■ Exercise directions ■
Tell how many lines in the records contain the word "with"; the number alone is the answer.

■ Given data ■
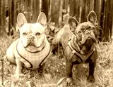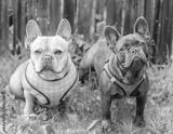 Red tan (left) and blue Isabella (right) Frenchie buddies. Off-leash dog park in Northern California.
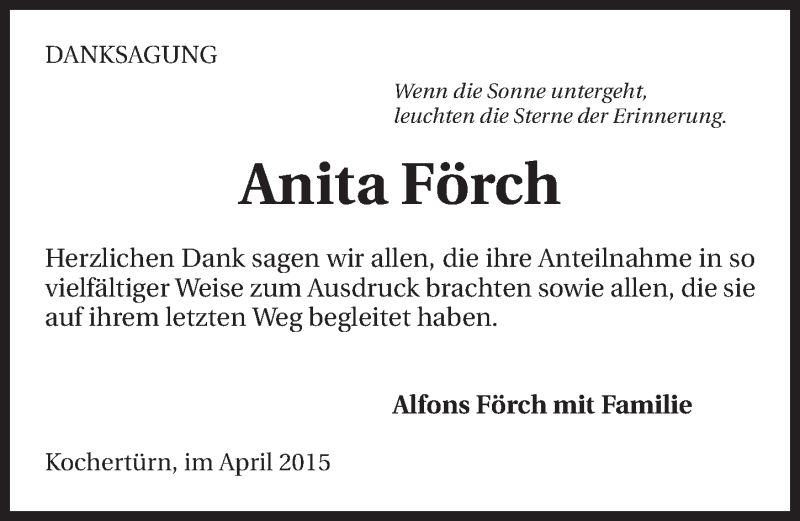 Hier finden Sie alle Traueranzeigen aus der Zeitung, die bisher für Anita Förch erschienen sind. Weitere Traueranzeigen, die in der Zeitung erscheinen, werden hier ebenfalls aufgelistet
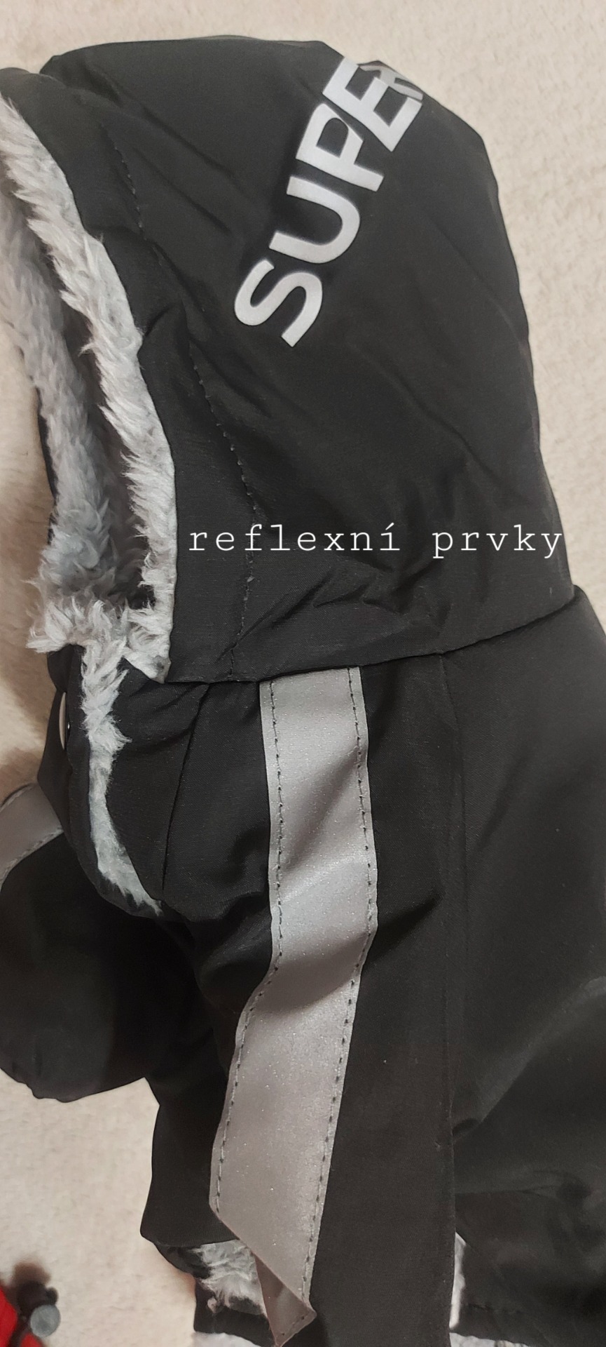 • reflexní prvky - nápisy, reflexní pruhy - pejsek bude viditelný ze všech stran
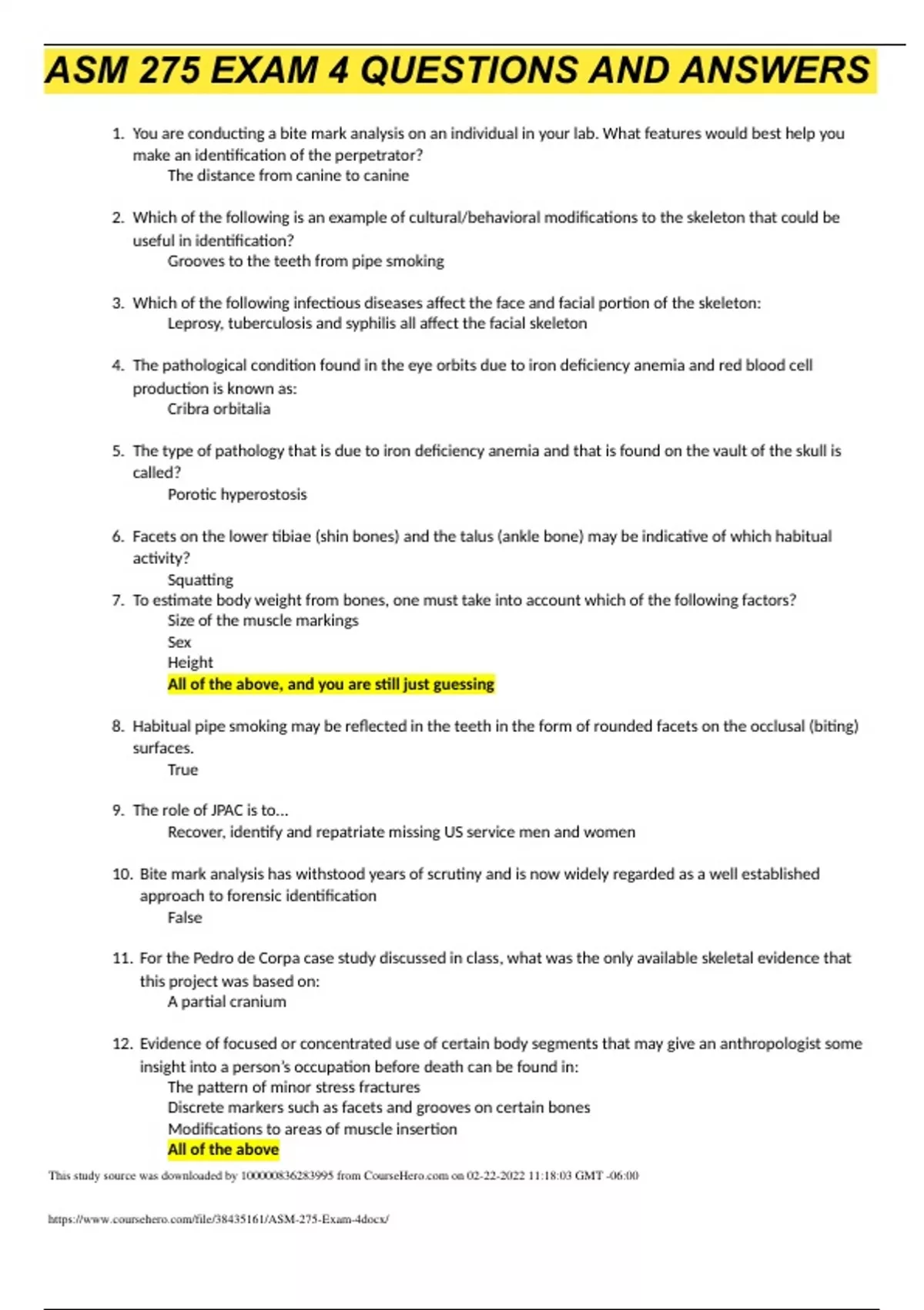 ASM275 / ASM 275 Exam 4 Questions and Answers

--

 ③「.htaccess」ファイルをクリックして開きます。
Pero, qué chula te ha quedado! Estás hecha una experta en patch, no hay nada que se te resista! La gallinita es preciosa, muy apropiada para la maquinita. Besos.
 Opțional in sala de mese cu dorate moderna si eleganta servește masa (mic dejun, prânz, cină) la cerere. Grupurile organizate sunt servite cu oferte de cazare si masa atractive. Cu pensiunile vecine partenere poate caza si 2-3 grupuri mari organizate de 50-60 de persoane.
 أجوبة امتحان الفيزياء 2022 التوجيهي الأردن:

...

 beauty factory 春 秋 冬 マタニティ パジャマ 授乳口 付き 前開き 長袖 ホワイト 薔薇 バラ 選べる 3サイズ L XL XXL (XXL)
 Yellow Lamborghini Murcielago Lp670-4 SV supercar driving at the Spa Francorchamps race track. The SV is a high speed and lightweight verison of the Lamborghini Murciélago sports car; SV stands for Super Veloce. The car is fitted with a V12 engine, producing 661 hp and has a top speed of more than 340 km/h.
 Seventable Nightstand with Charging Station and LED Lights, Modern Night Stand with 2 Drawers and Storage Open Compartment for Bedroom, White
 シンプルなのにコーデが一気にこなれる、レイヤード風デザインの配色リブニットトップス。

■ Response below ■
2